British struggle with the Rees-Moggs, Johnsons and Nigel Farages a subset of a much wider battle

Tim Garton Ash is one of those curious creatures: a UK based columnist who takes a firm and steady interest in the affairs of continental  Europe. Here he outlines how any sustainable deal must accommodate good future relations with Europe:

A reasonable deal this week would have at least three elements. First, a flexible article 50 extension of up to one year, although nine months should be sufficient. Second, a kind of self-denying ordinance in which the UK commits, for this extension period, not to mess up the EU in the way Rees-Mogg threatens, and recuses itself from the battle over the top jobs in the EU.

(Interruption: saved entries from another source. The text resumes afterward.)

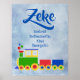 Zeke Name Poster on blue watercolor background, with a colourful train and customisable text. The adjectives start with each letter of the chosen name. You can customise the adjectives for this name or choose another name and corresponding adjectives. Or you can contact me to customise a poster with your name of choice. NOTE: when customising, the top name is written twice (once in blue and once with a lighter "shadow") to make it stand out.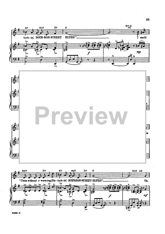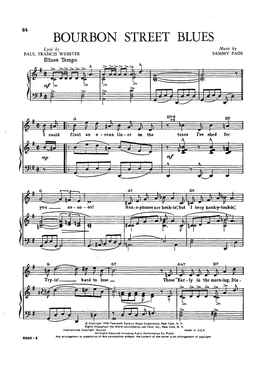 Digital Sheet Music for Bourbon Street Blues by Sammy Fain, Paul Francis Webster, Pat Boone, Gary Crosby, Tommy Sands scored for Piano/Vocal/Chords; id:423170
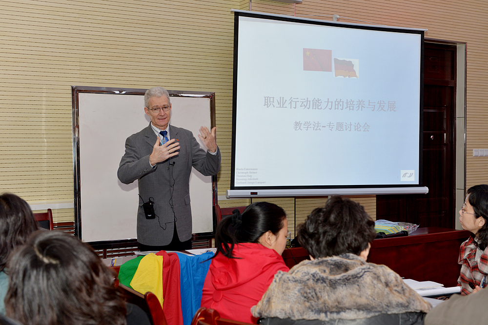 3月19日,山東職業學院“職業行動能力培養教學法”培訓班開班,邀請到德國巴伐利亞州著名職業教育家Mr.Hug(托馬斯.胡革)教授擔任本屆培訓班主講。 教育部中國教育國際交流協會綜合項目部鄭德先生、山東省教育廳高教處副處長李霞、山東職業學院黨委書記劉邦治、副院長祝瑞花出席開班儀式。學院相關職能部門及各系部專業教師參加了本屆培訓班。開班儀式由祝瑞花主持。 劉邦治為培訓班開班致辭。他代表山東職業學院對胡革教授及出席本次培訓班開幕式的領導表示熱烈的歡迎,希望參加培訓的教師倍加珍惜學習機會,虛心學習和掌握先進的教學理論和方法,進一步提高執教能力,當好一名受學生歡迎的人民高校教師,推動學院的國家骨干院校項目建設,進一步促進學院的內涵發展。 祝瑞花在講話中要求參訓教師通過培訓理解“行動導向教學法”的精髓,掌握課堂教學的方法和技巧,并結合自己的專業實際貫徹應用到教學過程中。 在為期四天的培訓中,胡革教授將從職業教育行動導向法的實質、能力目標下教學形式的轉變必然性分析、教育心理學發展成果等幾個方面對現代職業教育的推動和促進、行動導向教學原則下教學方法的多樣性、職業院校教學法及其特點分析等方面結合實用、有趣的關鍵字卡片法、理解標注文字法、小組擴展法、可視化法、伙伴拼圖法、旋轉木馬談話法、邏輯關系法、站位法、工作與小組過程提煉法等十幾種教學方法,以及如何運用這些方法在工作任務導向下培養學生的職業行為能力,向參訓教師詮釋行為導向教學法的精髓。 近年來,山東職業學院高度重視教育教學質量,不斷創新教育教學方法,在國家骨干高職院校建設過程中大力推進教學改革深化,組織專職任課教師赴境內外等多地學習先進的職業教育方法和育人理念,邀請國內外著名專家、學者到校進行相關講座和培訓,支持和鼓勵專業教師在日常教學中創新教學模式。教育質量的常抓不懈和教學方法的不斷改進,促使山東職業學院的學生專業素質逐年提升,“就業靠專業,發展憑素質”育人理念真切落到每一位山職人的身上,“專業素質過硬、就業率高、就業質量高”成為社會各界和用人單位對山職畢業生的一致評價。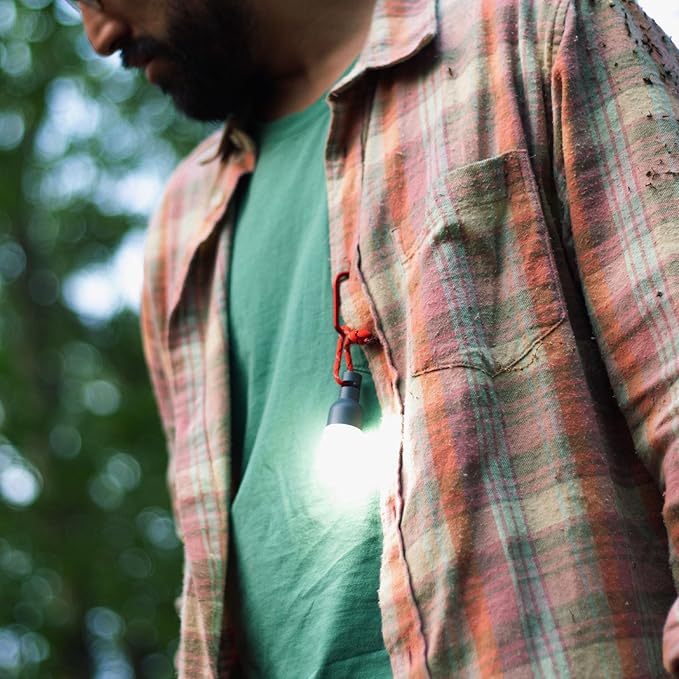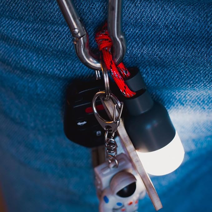 - INNOVATIVE AND INTUITIVE. The six light nodes easily snap onto the top of the included stakes or hooks onto your tent guylines so you don’t bump into them at night. Hang the lights inside your tent or on your backpack, your dog’s collar, a tree branch, wherever you can think of for reliable, long-lasting light. Simply swivel the light in either direction to turn on the lights and adjust the brightness, tie a cord on the top of the light or attach a carabiner and you have light wherever you go!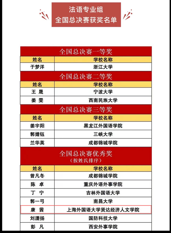 近日,2024年外研社“教学之星”大赛全国总决赛公布了获奖名单,经过激烈的角逐和专业评审的严格筛选,sjb官网外语学院法语系康茜老师在众多参赛者中脱颖而出,荣获法语专业组全国总决赛优秀奖。
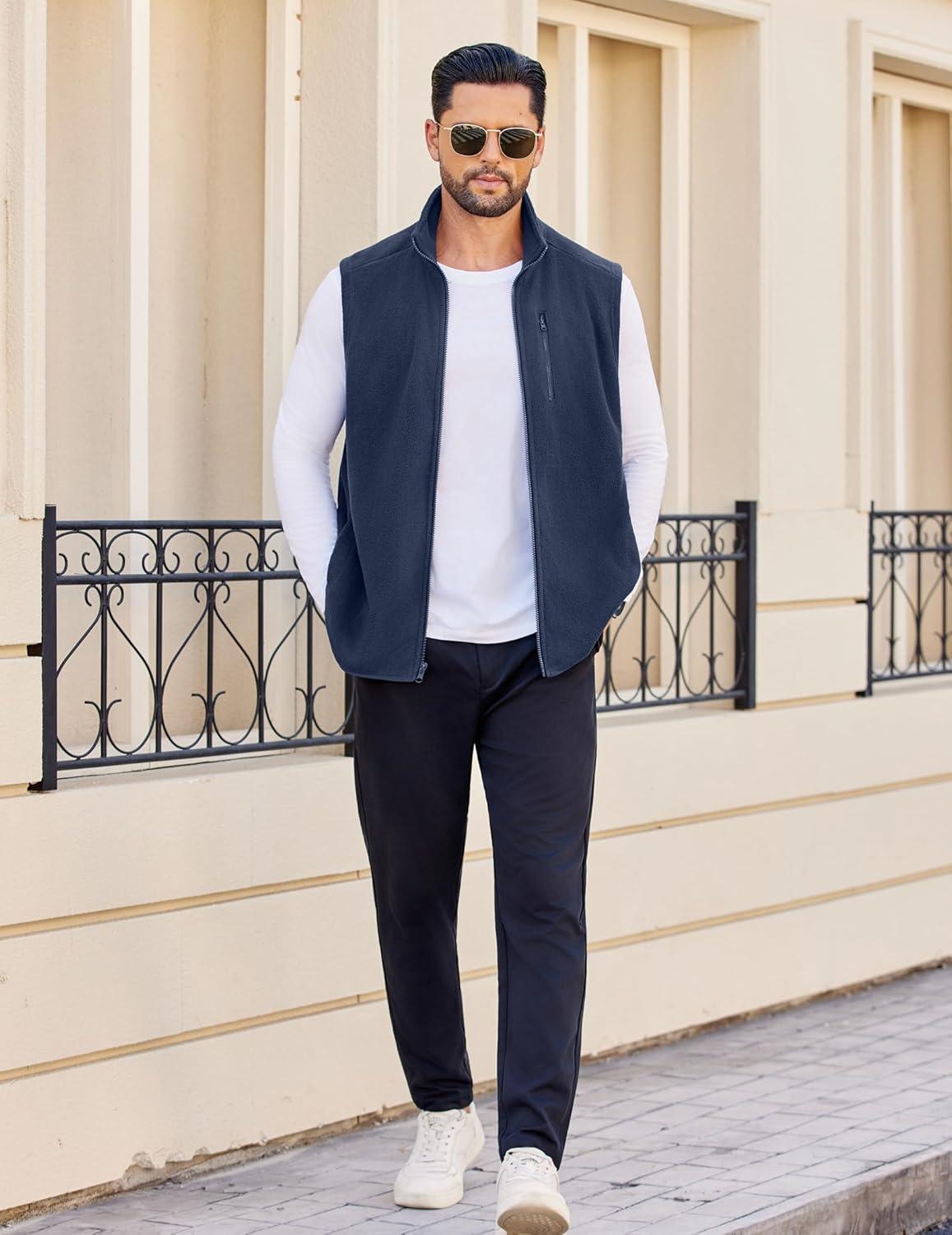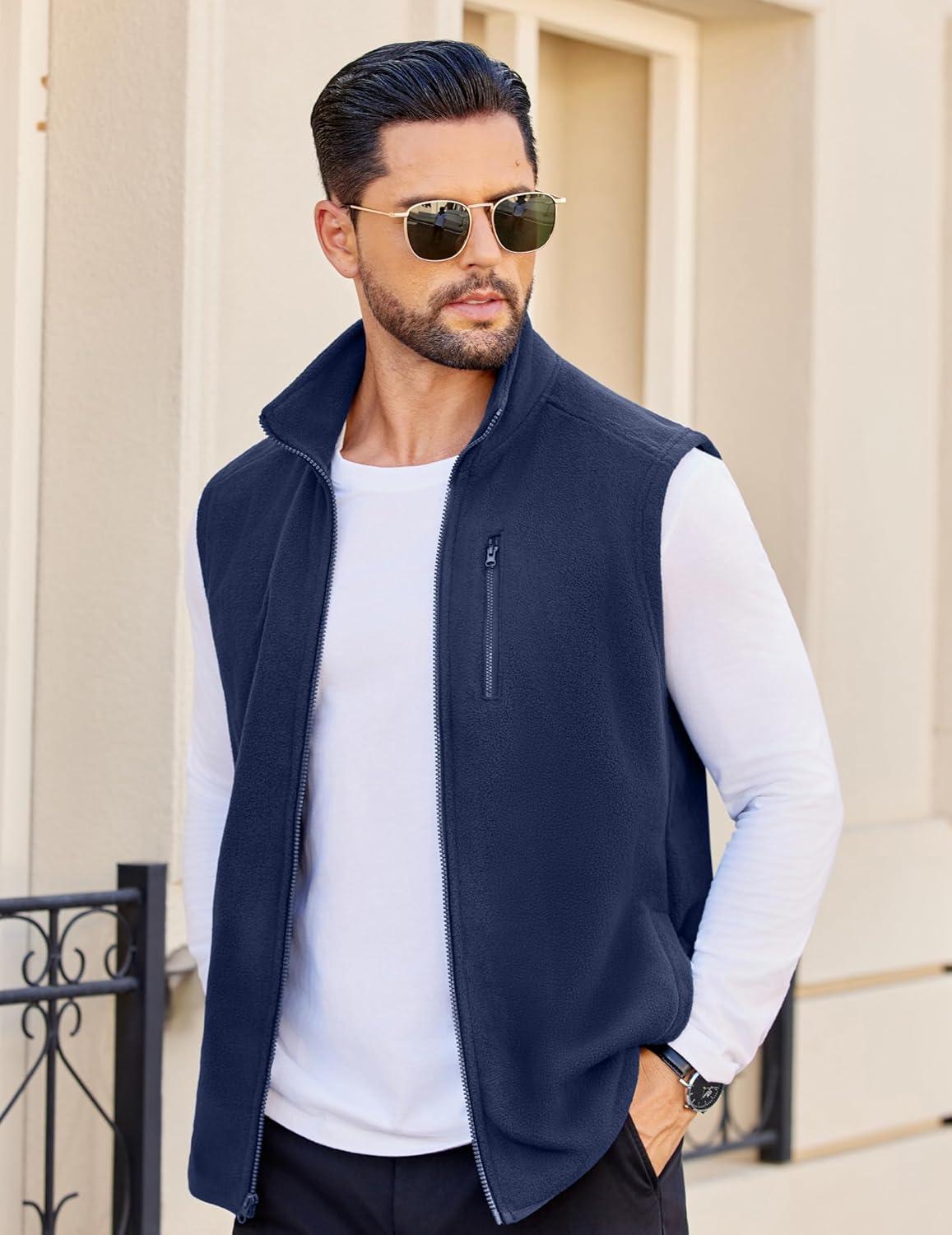 COOFANDY Men’s Lightweight Fleece Vest Sleeveless Zip Up Warm Jacket Casual Outerwear Vests With Pockets(Ocean Blue)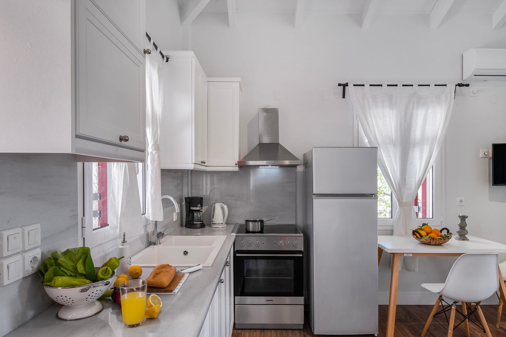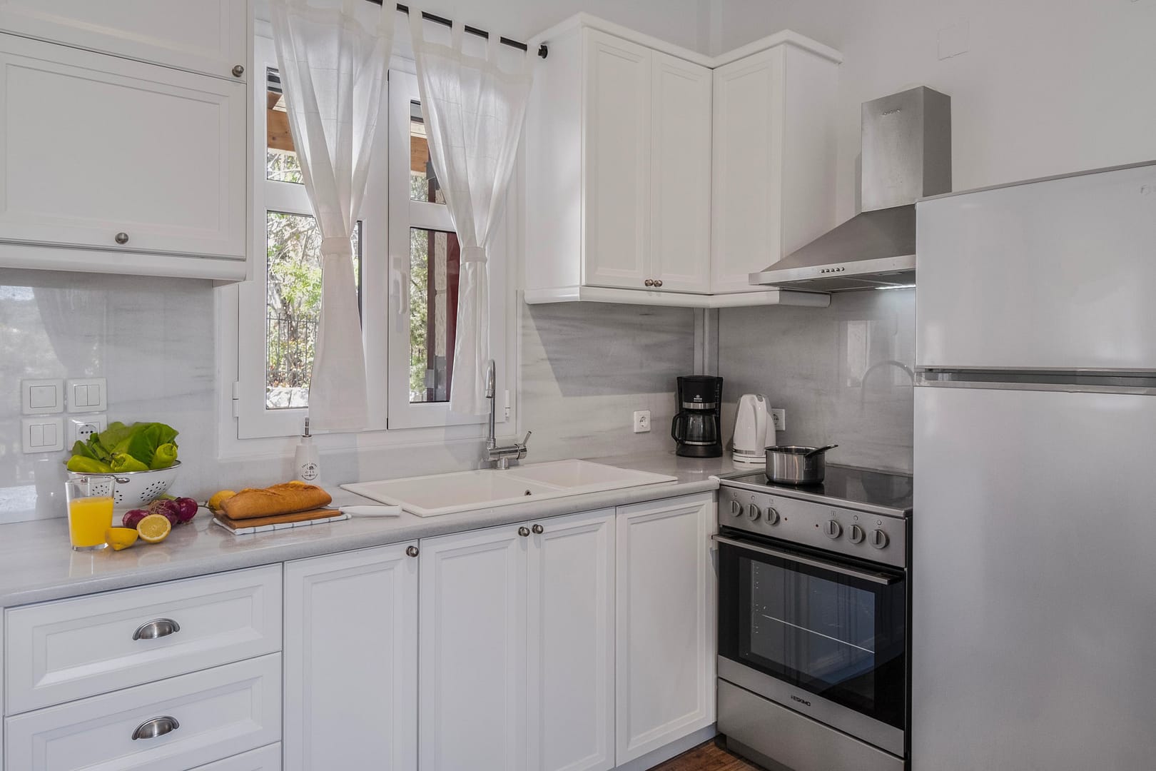 Nespresso type coffee maker, kettle, tea, electric stove top & oven, fridge, freezer, cookware and utensils, salt, pepper, sugar, olive oil - locally produced yearly from the olive trees on the premises.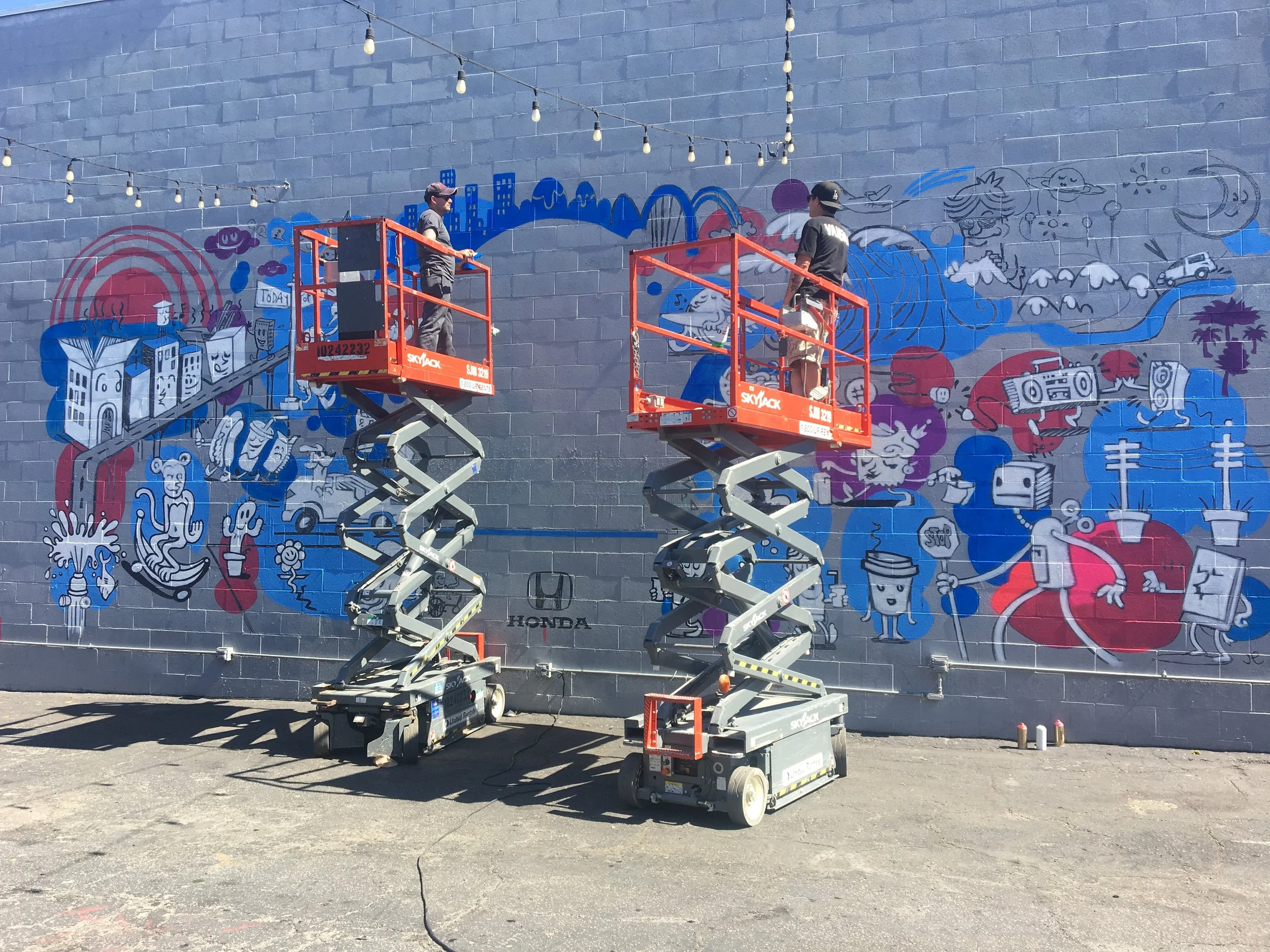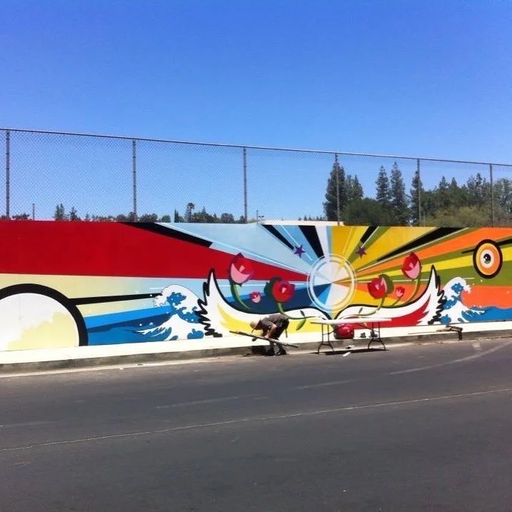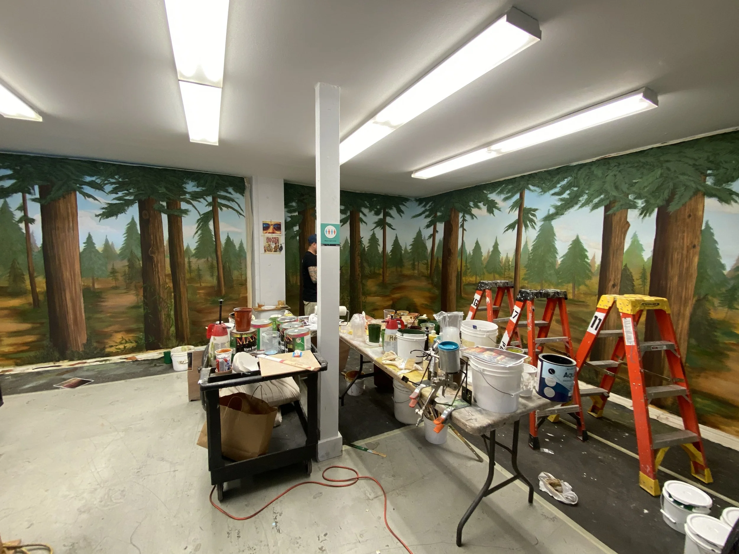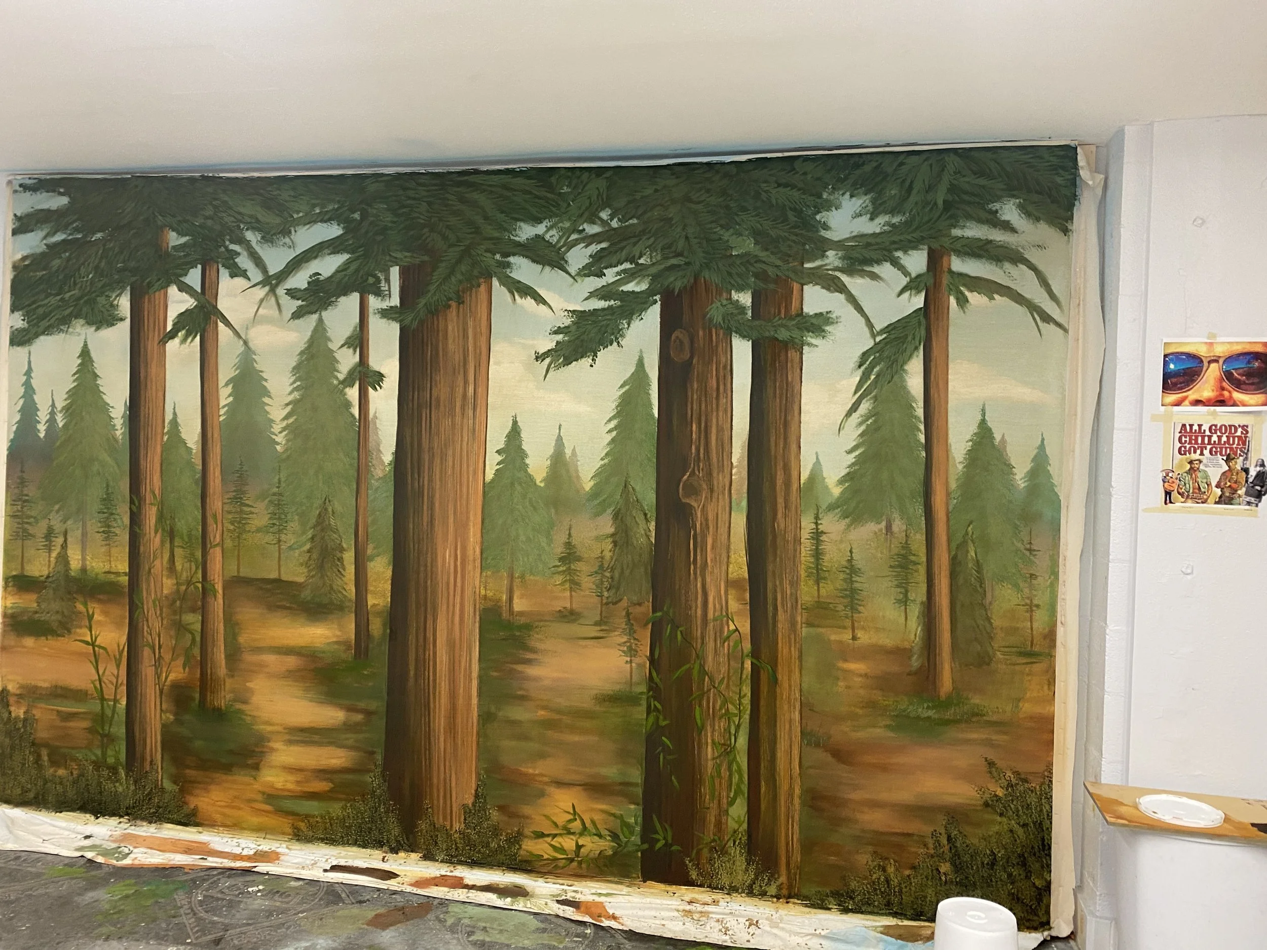 I am a quick learner and started creating murals just by observing and then following the lead of my mentors Gary Lloyd, Dave Barsky, Karen Kristen, and Philip Slagter. Through them I learned how to paint big. I quickly became known in the industry for producing high quality, large-scale murals in a short period of time. My main arena for a while was producing sets for music videos. I paint in a large variety of styles, from large-scale movie backdrops to full buildings and movie sets.

Ideally, this should come as a British offer, rather than a set of imposed conditions. With the help of a cross-party majority in the UK parliament, this should, then, so far as possible, be domestically “Boris-proofed” – ring-fenced against a possible Brexiteer successor to May such as Boris Johnson.

Third, Britain must commit to participating in the European elections. We British Europeans should take that as our next great challenge. In another tweet, Rees-Mogg approvingly quoted a speech in the Bundestag by Alice Weidel, of the far-right, populist Alternative für Deutschland.

And there’s the point: our British struggle with the Rees-Moggs, Johnsons and Nigel Farages is not separate from the Germans’ struggle with the AfD, the Italians’ with the far-right deputy prime minister, Matteo Salvini, the Poles’ with their nationalist PiS party, and Macron’s with the hardliner Marine le Pen. It is one and the same struggle. It is the battle for Europe.